Этим странам ОША навязали неравноправные торговые договоры. Теперь торговое сальдо Кубы, которая даже во времена испанского господства поставляла в метрополию товары с некоторой выгодой для себя, снизилось до шестидесяти миллионов талеров в год. ОША использовали Кубу и Филиппины для распространения экономической экспансии в Латинскую Америку и на Дальний Восток. Кроме того, подконтрольные ОША страны были обременены рекламациями, которые якобы должны были покрыть ущерб американских граждан и компаний, чье имущество пострадало в ходе революционных беспорядков в этих странах. Эти заведомо преувеличенные рекламационные иски местное население называло «счетами великого капитана» — как правило, они превышали сумму ущерба, установленную местными судебными органами, в сотни раз. Куба в 1900-х годах несла бремя американских рекламаций в четыреста миллионов талеров, Мексика — в девятьсот миллионов, Венесуэла — в сто шестьдесят миллионов.

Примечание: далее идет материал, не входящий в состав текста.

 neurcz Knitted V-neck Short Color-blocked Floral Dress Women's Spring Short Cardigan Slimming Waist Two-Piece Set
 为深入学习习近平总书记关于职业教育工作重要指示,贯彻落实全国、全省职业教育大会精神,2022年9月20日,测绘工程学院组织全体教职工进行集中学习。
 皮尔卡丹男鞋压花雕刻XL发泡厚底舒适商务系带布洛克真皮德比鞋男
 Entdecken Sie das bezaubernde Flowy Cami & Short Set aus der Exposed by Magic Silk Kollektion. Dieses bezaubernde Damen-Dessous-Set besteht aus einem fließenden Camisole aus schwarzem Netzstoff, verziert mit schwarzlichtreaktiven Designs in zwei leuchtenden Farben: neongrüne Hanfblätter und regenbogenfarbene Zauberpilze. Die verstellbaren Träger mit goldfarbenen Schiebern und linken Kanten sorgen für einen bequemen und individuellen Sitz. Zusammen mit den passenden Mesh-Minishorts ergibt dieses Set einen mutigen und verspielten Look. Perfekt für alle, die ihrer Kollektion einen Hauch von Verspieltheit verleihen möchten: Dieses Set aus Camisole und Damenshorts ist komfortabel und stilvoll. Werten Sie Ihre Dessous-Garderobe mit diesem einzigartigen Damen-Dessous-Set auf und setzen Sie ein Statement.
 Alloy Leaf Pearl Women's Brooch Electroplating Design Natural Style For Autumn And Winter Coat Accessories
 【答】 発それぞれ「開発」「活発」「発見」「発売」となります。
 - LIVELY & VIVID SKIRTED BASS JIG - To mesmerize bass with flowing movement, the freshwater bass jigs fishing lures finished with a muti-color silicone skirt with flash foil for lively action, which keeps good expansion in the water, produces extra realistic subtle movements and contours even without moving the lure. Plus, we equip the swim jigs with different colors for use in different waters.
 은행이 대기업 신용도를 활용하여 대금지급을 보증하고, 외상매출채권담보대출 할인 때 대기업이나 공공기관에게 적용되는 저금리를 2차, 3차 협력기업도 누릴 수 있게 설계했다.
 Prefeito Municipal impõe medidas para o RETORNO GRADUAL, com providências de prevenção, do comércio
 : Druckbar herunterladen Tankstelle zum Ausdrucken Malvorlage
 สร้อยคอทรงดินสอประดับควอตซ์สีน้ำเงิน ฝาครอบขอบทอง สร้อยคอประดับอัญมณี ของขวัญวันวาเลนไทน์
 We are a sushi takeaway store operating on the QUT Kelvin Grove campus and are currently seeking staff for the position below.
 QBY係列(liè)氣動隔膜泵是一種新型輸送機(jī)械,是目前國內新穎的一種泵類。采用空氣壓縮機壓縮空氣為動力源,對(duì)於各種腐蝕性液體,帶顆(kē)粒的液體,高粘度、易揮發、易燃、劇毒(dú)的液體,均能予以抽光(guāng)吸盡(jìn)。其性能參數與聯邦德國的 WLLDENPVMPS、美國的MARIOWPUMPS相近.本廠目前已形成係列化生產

За счет экспорта инфляции талера в колонии «денежный трест» менее чем за десять лет смог если не восстановить экономику ОША, то во всяком случае создать видимость процветания и благополучия. В 1907 году это позволило финансистам реализовать идею о частном центральном банке — Легран и его партнеры получили законное право эмитировать бумажные деньги в тех количествах, в каких сочтут нужным. А Латинская Америка и другие регионы, на которые распространялась «талерная экспансия» Объединённых Штатов, быстро начали превращаться в то, что позже стали называть «третьим миром».

…Клёкот орла, похищенного с тотема ирокезов, был уже отчётливо слышен во всём Западном полушарии…

ИНТЕРМЕДИЯ ТРЕТЬЯ. Мудрые обезьяны

1900 год


— Сделан очень важный шаг, — человек в чёрном костюме-тройке, безукоризненно сидевшем на его сухопарой фигуре, поднял бокал с шампанским, — изготовлен инструмент. Созданная нами страна теперь полностью управляема и послушна нашей воле — в любой момент вся её мощь может быть брошена на достижение поставленной цели. Пример — война с Испанией, разыгранная как по нотам.

— А вы не преувеличиваете уровень достигнутого, мсье Лу? — с сомнением в голосе произнёс одутловатый толстяк, по внешности которого никак нельзя было сказать, что этот человек богаче всех античных Крезов и могущественнее всех Атилл с Тамерланами.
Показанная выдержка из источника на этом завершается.